TASK DIRECTIONS
Pictures appear among the records below and must be omitted. Repeat exactly the lines from the line with "공개한 사진에서 재시는" to the line with "任何一次被狗咬伤后都应该及时", both included.

TASK MATERIAL

-=-=-

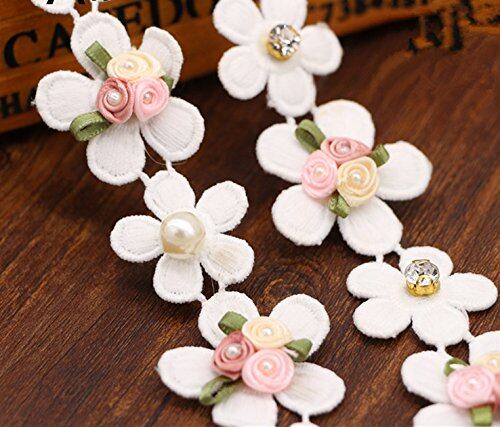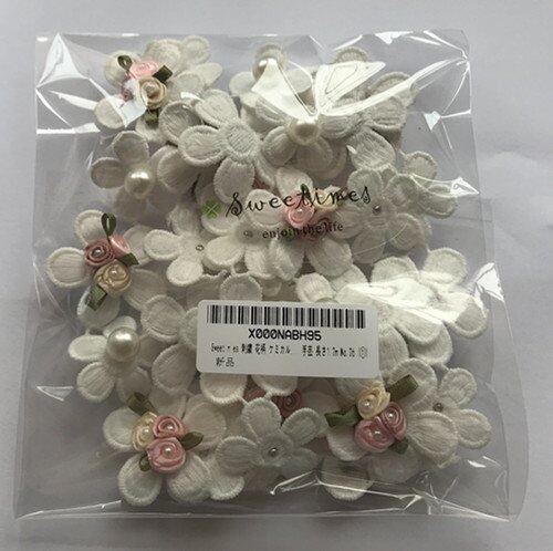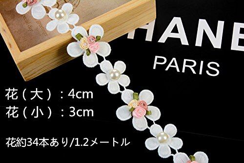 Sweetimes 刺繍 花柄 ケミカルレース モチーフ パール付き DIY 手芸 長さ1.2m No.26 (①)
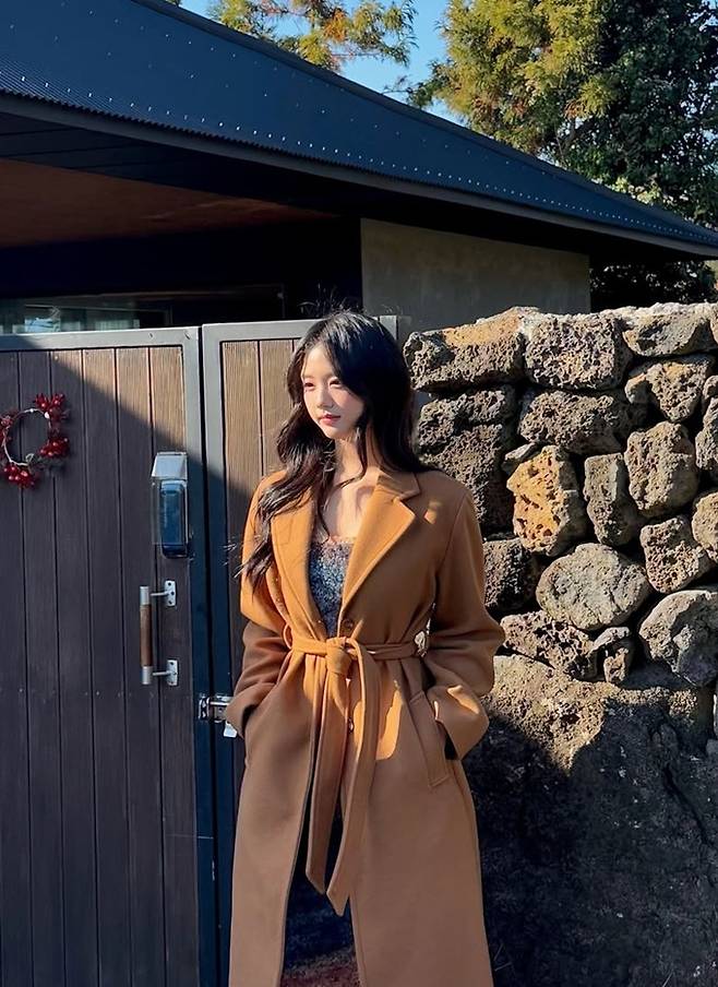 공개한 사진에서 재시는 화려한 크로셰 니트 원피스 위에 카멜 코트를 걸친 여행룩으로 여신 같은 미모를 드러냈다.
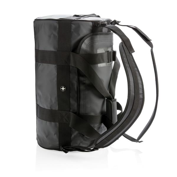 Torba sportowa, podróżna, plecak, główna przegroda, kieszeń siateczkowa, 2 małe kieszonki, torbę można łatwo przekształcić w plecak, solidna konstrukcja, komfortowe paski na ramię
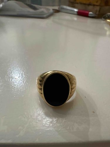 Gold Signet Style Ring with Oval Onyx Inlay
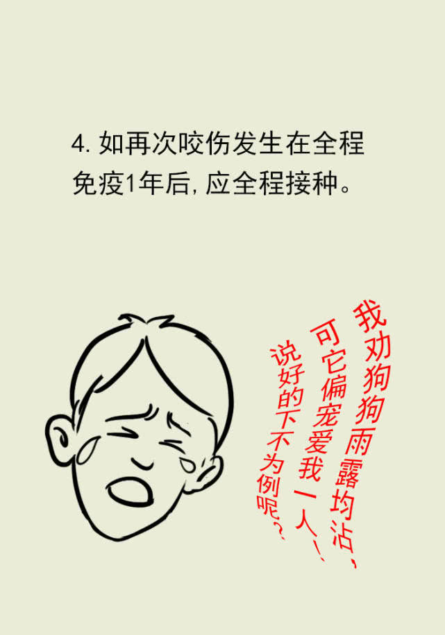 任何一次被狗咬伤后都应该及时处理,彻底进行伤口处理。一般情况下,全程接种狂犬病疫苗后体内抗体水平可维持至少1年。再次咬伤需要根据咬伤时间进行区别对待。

-=-=-

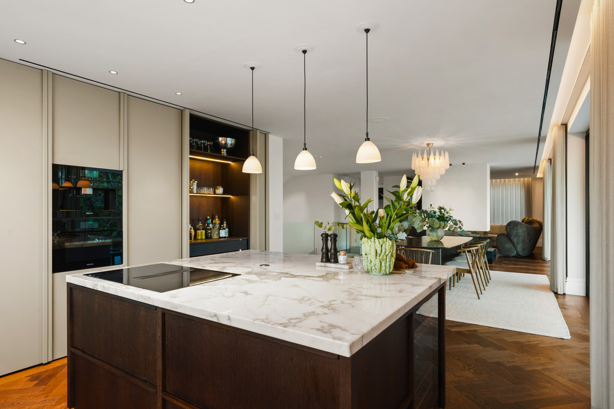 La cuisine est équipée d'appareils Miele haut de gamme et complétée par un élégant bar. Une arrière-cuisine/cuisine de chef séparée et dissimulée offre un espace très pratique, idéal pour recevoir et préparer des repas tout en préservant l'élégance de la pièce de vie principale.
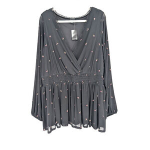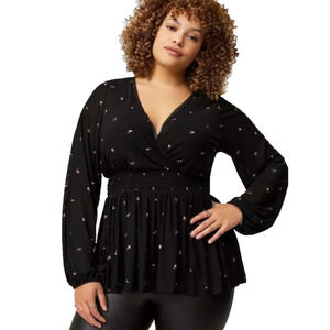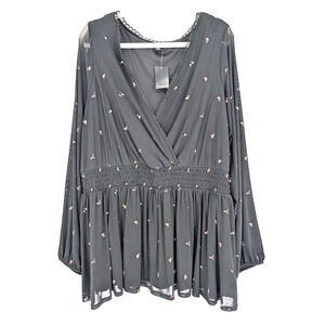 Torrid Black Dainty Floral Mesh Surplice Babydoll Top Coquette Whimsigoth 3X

-=-=-

YOUR SOLUTION
 공개한 사진에서 재시는 화려한 크로셰 니트 원피스 위에 카멜 코트를 걸친 여행룩으로 여신 같은 미모를 드러냈다.
 Torba sportowa, podróżna, plecak, główna przegroda, kieszeń siateczkowa, 2 małe kieszonki, torbę można łatwo przekształcić w plecak, solidna konstrukcja, komfortowe paski na ramię
 Gold Signet Style Ring with Oval Onyx Inlay
 任何一次被狗咬伤后都应该及时处理,彻底进行伤口处理。一般情况下,全程接种狂犬病疫苗后体内抗体水平可维持至少1年。再次咬伤需要根据咬伤时间进行区别对待。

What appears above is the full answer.